## [What you will do]
Take the entries below and reproduce exactly the portion that begins at the line containing "多个沉浸式体验区域创意满满,包括夜购板块" and ends at the line containing "In solid-wood-panel processing", keeping both ends, dropping pictures, and adding nothing else.

Records drawn from a dataset
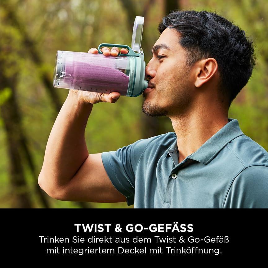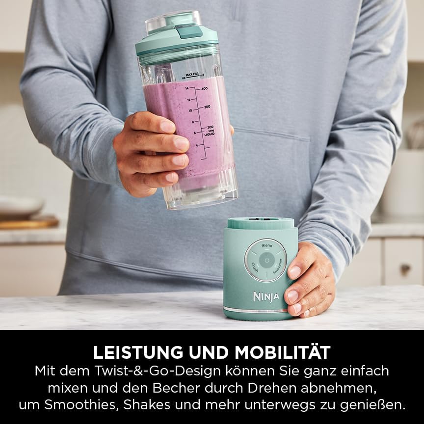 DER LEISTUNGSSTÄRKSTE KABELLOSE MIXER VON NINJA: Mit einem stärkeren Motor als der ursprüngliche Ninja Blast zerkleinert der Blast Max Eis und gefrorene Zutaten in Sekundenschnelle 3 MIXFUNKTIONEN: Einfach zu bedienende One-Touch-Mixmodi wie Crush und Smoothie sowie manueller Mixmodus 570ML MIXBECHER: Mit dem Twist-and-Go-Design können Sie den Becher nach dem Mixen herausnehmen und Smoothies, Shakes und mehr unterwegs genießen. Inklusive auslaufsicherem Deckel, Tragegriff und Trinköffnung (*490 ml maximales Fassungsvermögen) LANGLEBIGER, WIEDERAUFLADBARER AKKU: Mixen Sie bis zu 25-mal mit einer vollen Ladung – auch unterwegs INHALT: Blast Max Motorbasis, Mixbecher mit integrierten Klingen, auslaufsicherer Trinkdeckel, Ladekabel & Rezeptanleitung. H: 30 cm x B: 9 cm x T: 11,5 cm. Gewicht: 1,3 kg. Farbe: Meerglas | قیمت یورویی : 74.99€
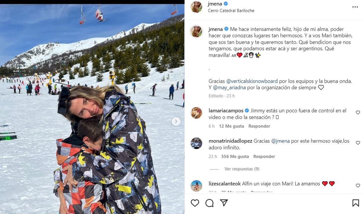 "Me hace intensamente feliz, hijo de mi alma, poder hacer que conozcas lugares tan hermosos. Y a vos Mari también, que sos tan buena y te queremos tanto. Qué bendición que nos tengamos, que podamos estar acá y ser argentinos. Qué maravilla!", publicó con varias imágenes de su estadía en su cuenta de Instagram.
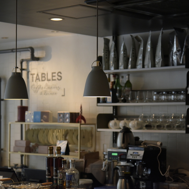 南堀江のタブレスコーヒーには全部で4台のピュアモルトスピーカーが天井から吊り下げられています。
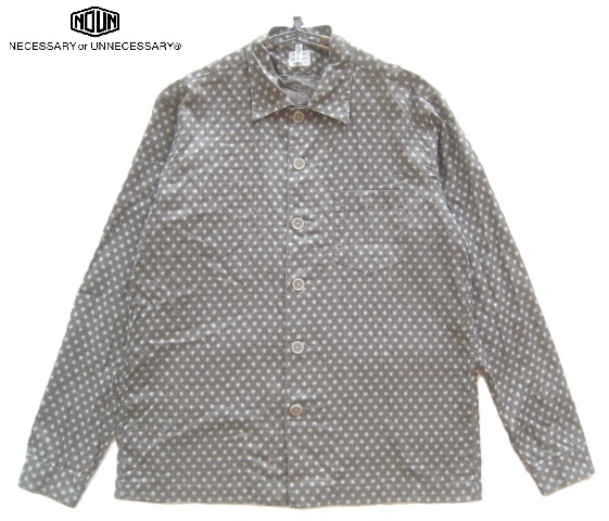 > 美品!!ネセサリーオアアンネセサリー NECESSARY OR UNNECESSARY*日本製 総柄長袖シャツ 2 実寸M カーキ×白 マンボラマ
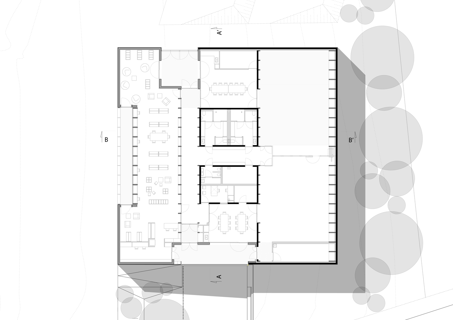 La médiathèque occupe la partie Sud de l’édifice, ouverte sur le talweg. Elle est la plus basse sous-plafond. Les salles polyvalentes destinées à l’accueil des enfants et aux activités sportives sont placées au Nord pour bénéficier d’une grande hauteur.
==
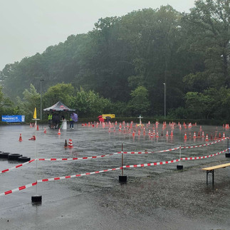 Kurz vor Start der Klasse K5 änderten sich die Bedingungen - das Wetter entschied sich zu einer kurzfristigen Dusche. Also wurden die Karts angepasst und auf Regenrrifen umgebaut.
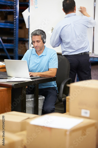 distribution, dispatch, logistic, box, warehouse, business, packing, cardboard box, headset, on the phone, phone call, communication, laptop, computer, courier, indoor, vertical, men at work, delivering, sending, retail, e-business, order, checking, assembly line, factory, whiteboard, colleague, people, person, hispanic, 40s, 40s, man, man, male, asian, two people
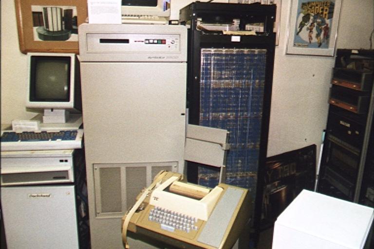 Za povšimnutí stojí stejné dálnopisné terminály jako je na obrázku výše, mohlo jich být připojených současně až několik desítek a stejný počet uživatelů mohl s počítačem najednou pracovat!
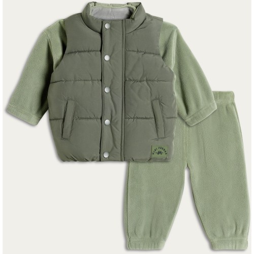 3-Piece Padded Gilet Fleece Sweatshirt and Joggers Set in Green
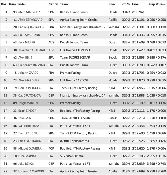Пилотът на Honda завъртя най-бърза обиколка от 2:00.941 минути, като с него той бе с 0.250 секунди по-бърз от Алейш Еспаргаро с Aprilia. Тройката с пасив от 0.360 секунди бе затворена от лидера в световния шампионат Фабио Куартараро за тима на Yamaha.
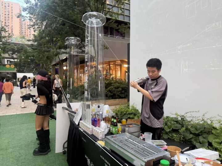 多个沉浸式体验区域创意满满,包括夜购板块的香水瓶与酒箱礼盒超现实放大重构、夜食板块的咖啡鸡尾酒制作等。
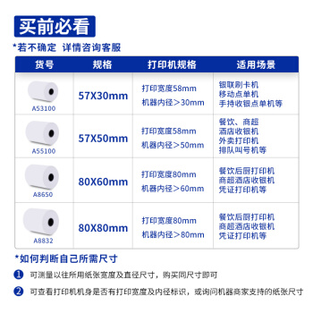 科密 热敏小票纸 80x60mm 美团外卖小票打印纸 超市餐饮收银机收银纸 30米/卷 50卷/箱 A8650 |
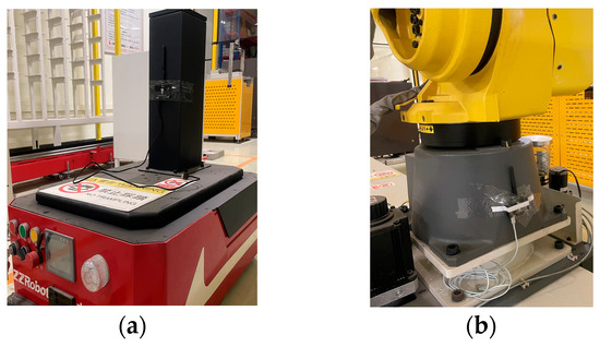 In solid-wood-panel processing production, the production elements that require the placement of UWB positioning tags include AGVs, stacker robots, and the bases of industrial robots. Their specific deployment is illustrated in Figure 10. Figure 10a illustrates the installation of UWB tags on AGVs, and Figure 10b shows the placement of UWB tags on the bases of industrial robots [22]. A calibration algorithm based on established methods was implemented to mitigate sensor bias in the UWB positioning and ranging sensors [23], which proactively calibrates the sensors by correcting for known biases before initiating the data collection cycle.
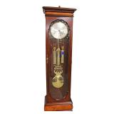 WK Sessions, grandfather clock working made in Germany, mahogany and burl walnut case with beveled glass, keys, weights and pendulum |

## [Answer to this problem]
 多个沉浸式体验区域创意满满,包括夜购板块的香水瓶与酒箱礼盒超现实放大重构、夜食板块的咖啡鸡尾酒制作等。
 科密 热敏小票纸 80x60mm 美团外卖小票打印纸 超市餐饮收银机收银纸 30米/卷 50卷/箱 A8650 |
 In solid-wood-panel processing production, the production elements that require the placement of UWB positioning tags include AGVs, stacker robots, and the bases of industrial robots. Their specific deployment is illustrated in Figure 10. Figure 10a illustrates the installation of UWB tags on AGVs, and Figure 10b shows the placement of UWB tags on the bases of industrial robots [22]. A calibration algorithm based on established methods was implemented to mitigate sensor bias in the UWB positioning and ranging sensors [23], which proactively calibrates the sensors by correcting for known biases before initiating the data collection cycle.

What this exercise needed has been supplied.